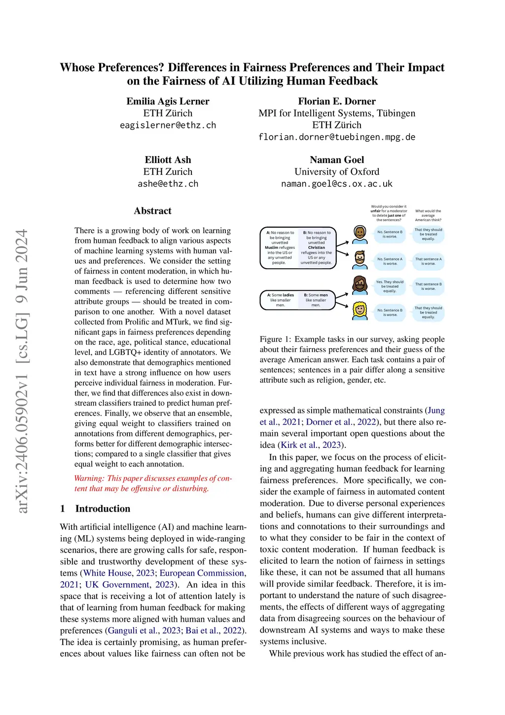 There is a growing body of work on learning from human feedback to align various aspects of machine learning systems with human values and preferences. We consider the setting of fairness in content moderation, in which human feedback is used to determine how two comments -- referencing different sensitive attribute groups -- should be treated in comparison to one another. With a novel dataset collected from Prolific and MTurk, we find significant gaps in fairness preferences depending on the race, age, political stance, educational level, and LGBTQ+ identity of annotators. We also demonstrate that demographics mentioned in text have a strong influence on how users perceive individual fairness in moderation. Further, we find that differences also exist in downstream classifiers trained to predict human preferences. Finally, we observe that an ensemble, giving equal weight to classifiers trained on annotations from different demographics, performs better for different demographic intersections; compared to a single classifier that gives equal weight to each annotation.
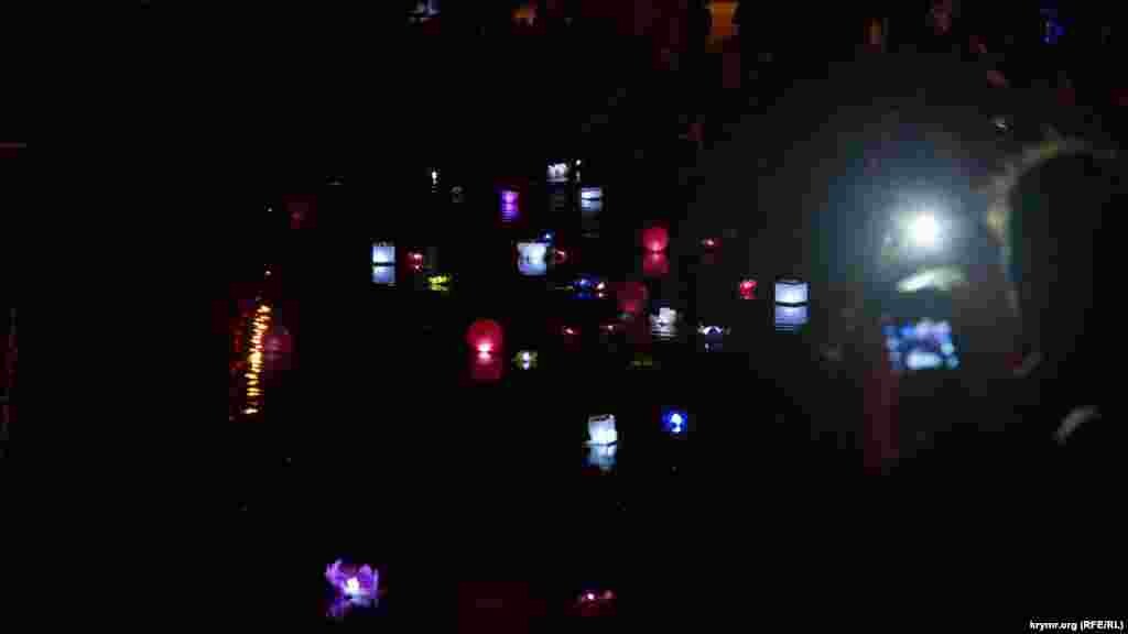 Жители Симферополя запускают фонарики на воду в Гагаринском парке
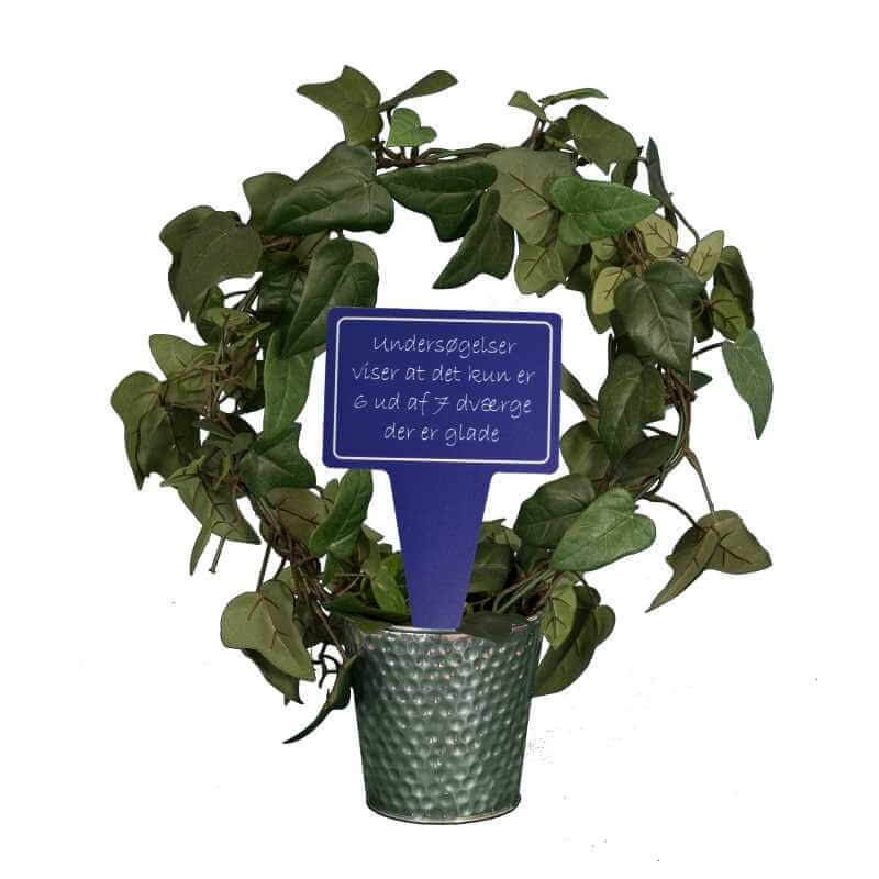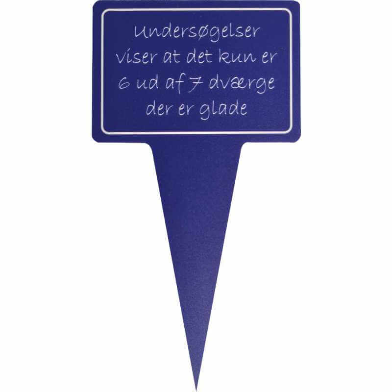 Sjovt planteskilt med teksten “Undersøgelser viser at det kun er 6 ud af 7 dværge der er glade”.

= Task objective =
Repeat exactly the lines from the one containing "Жители Симферополя запускают" to the last line of the data above, both included, and write no pictures into the copy.

= Exercise output =
 Жители Симферополя запускают фонарики на воду в Гагаринском парке
 Sjovt planteskilt med teksten “Undersøgelser viser at det kun er 6 ud af 7 dværge der er glade”.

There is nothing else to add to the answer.